Microsoft Provides Great Value at Current Price
Microsoft traded at a P/E ratio of 9.3 at the close of trading on August 12th, leading many investors to believe that its shares are undervalued. Microsoft has historically been a strong company and its is expected to have revenues growth of 6.7 percent for FY 2012 and 10.5 percent for FY 2013. Compared to some other large cap research companies like Google and Apple, its expected growth is relatively small, however Microsoft can after all provide a nice return to investors over the coming years. In this article, I try to explain why Microsoft is currently trading at such a low price and I will explain why MSFT is currently a great stock to buy.
Microsoft’s current revenues are generated by its past software innovations, namely Windows and Microsoft Office. It has not been able to control newer research markets that it has entered over the past few years, including the MP3 market and the smartphone market. Microsoft is very similar to RIM in that its current profitability may not be sustainable due to more innovative competitors grabbing market share. Innovations like Google Docs scare investors into believing that Microsoft will in the end lose its cash cows to new products released by its competitors.
Despite investor fears, Microsoft is making strategic moves to ensure that it continues to be profitable. Microsoft is making heavy investments in cloud computing, and I believe that it has a good chance at grabbing market share in cloud computing because its Office products can be utilized in new, value-added ways. With its recent acquisition of Skype for $8.5 billion, Microsoft showed how it is willing to invest in the social networking craze, enter new markets, and create more revenue streams. Microsoft is all in all making changes to its Windows Phone platform and, even though ambitious, it is even so trying to take market share away from the Android and the iPhone.
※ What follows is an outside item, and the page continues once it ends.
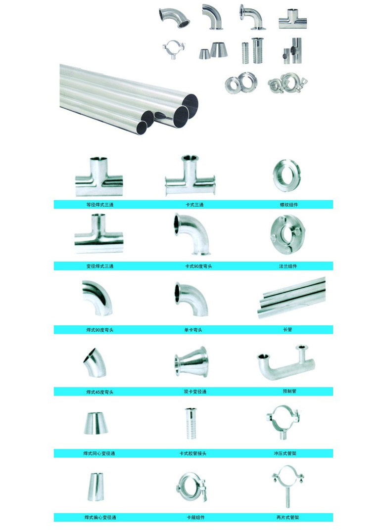本公司生產(chǎn)的衛(wèi)生管件、接頭是采用日本、德國進口設備及先進工藝技術制作,產(chǎn)品制造標準為IDF和DIN,也可按用戶所需標準制造。

Like Apple and Google, Microsoft has a lot of cash. On its June 30th balance sheet, Microsoft reported Cash, Short-Term Investments, and Long-Term Investments of over $63 billion, which is more than $50 billion net of long term debt. I believe that Microsoft will use a significant chunk of its cash to make more strategic acquisitions so it can continue to enter new markets or integrate its supply chain in markets in which it currently competes. Since Microsoft has a market cap of over $210 billion, acquisitions of pursuant to this agreement $20 billion will not have devastating effects on its stock price.